Data extracts:
>>>

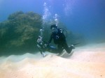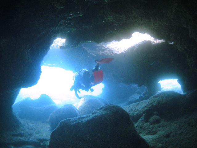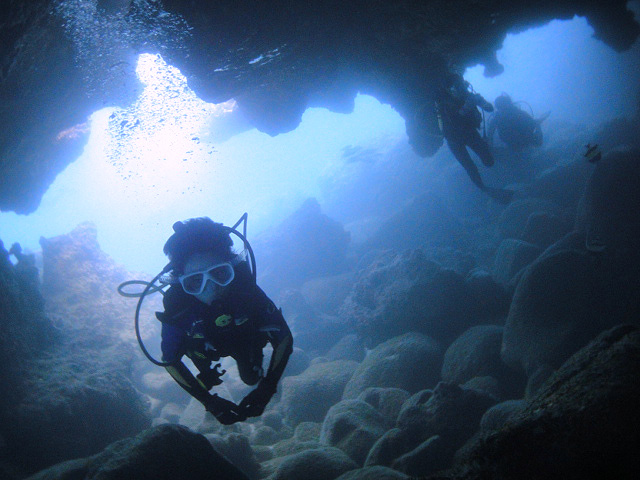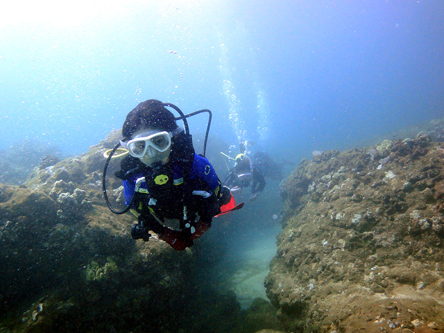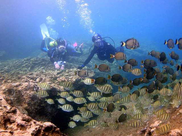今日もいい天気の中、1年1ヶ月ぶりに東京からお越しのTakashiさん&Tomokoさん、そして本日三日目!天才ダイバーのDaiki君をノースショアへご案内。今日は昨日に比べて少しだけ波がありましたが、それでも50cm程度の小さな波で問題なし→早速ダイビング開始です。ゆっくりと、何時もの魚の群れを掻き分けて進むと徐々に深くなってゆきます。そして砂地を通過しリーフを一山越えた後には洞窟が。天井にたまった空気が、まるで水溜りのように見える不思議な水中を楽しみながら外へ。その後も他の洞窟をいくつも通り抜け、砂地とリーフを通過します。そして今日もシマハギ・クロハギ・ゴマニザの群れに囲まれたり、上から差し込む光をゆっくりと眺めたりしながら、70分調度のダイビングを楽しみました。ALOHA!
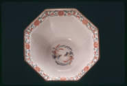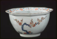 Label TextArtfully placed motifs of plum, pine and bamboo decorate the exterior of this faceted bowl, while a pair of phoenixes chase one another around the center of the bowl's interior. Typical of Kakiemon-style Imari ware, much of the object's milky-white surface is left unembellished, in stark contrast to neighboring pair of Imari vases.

<<<
>>>

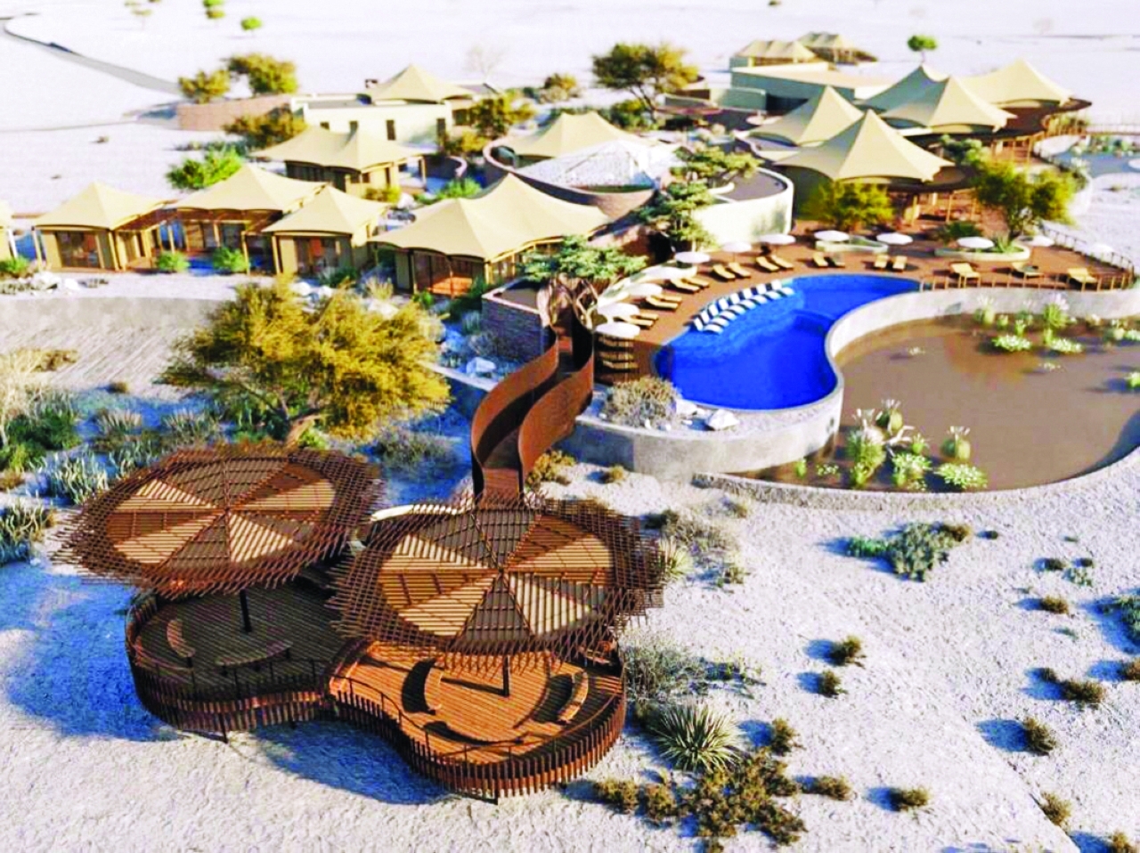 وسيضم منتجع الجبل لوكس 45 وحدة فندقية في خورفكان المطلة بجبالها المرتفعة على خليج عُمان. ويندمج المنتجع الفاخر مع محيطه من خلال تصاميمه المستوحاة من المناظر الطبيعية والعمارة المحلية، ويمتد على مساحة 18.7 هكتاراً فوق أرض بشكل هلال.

<<<

Task to carry out: Out of the records above, set down only the lines from the one that contains "今日もいい天気の中、1年1ヶ" through the one that contains "Label TextArtfully placed", unchanged and without the pictures.

Reply:
今日もいい天気の中、1年1ヶ月ぶりに東京からお越しのTakashiさん&Tomokoさん、そして本日三日目!天才ダイバーのDaiki君をノースショアへご案内。今日は昨日に比べて少しだけ波がありましたが、それでも50cm程度の小さな波で問題なし→早速ダイビング開始です。ゆっくりと、何時もの魚の群れを掻き分けて進むと徐々に深くなってゆきます。そして砂地を通過しリーフを一山越えた後には洞窟が。天井にたまった空気が、まるで水溜りのように見える不思議な水中を楽しみながら外へ。その後も他の洞窟をいくつも通り抜け、砂地とリーフを通過します。そして今日もシマハギ・クロハギ・ゴマニザの群れに囲まれたり、上から差し込む光をゆっくりと眺めたりしながら、70分調度のダイビングを楽しみました。ALOHA!
 Label TextArtfully placed motifs of plum, pine and bamboo decorate the exterior of this faceted bowl, while a pair of phoenixes chase one another around the center of the bowl's interior. Typical of Kakiemon-style Imari ware, much of the object's milky-white surface is left unembellished, in stark contrast to neighboring pair of Imari vases.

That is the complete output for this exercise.